「ふふっ…。」
緊張と羞恥を誤魔化すように勢いのまま、大丈夫、と告げた…告げてしまった栞の言葉を耳にした瞬間、男の口元が緩む。
時間にしてコンマ数秒の間、しかしその間に栞の中ではいろいろな葛藤があっただろう。
どういう解釈をしたのかはわからない、が、自分なりに納得をつけて思い切ったのだろう。
健気な少女の勇気。
陰湿な男の計画、目論見など露とも知らず、大自然の真ん中ともいえる場所で半裸を晒してくれる少女。
躾の第一歩、成果は上々というところだろうか。
普段は衣服やユニフォームで隠れている部分と露出している肌の色のコントラスト。
焼けている部分は見られている部分なのだから、焼けていない部分を見るのは特別な存在と言えるだろう。
特別…家族、あるいは同性の友人、聞くに及ばなかったが恋人あたりだろうか。
そのどこにも属さない男が、出会って二日目の少女の、本来見せない部分を目にする優越。
何とも言えない興奮が押し寄せるのを感じる。
「ありがとう。
気にせず…着替えてもらえるなら、大丈夫そうだね…?
俺もせっかく、佐倉さん…いや、栞ちゃん…の方がいいかな?
栞ちゃんとこうして知り合えたんだ…、出来る限り練習を一緒にしたいって思っているからね…。」
時折滲ませる、栞を特別な存在だと感じさせる言葉。
よりこの機会が貴重であると認識させ、この機会の損失はあってはならないことだと刷り込むような。

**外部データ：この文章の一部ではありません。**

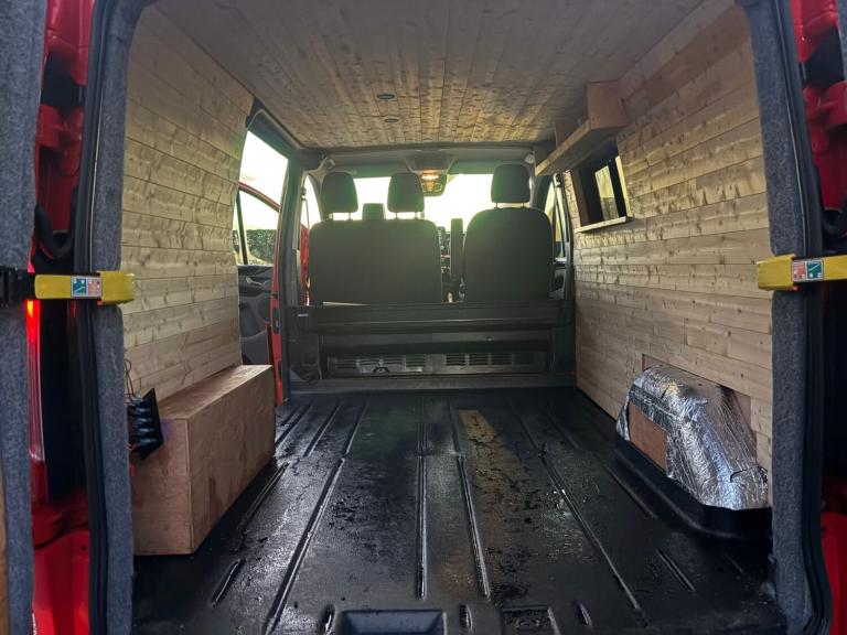 THIS RED CUSTOM IS THE PERFECT CHOICE FOR SOMEONE LOOKING TO CONVERT A VAN INTO A CAMPER, HAVING ALREADY BEEN INSULATED, PANELLED AND CARPETED, IT IS READY AND WAITING FOR YOUR DREAM CAMPER LAYOUT

「それに野球に限らず、スポーツは見られてなんぼってやつだ。
君が俺に憧れてくれたようにね…?
そして、否が応でも女性選手には男性ファンがつきもの。
より男の視線を感じる機会が増えてくる…、そんな中でもベストパフォーマンスが発揮できることが一流には求められるんだ。
そう言う意味では、ここで着替えができた栞ちゃんは、一流の素質が…あるかもね?
見られることが好き、と言えるくらいの大物になってくれると嬉しいね。」
布石…。
ただただ屋外で着替えさせただけの時間。
それをまるでこれから先に活きてくるような後づけで、もっともらしく見せてくる男。
「だって…ばたばた着替えちゃってるって…ちょっとカッコ悪いじゃん?
着替えだって堂々と、守備も、バッティングもそう…、堂々としてたいよね…。
さ、ストレッチから始めて行こうか…手伝うよ。」
そう言いながら、栞に歩み寄ると直立した状態での前屈を促すようにそっと上半身を前に倒させる。
自然に添えられる手は腰に、ベルトのあたりからやや臀部にかけて。
もちろん露骨に撫でる様には動かない。
自然に、自然に触れていく。
「足に、自信があるって言ってたね?
後で足の使い方も見てみようね。
走れるってことはバッティングにも守備にも生きてくる。
とても大事な要素だからさ。」
栞の躾…、少しずつ卑猥に映ろう。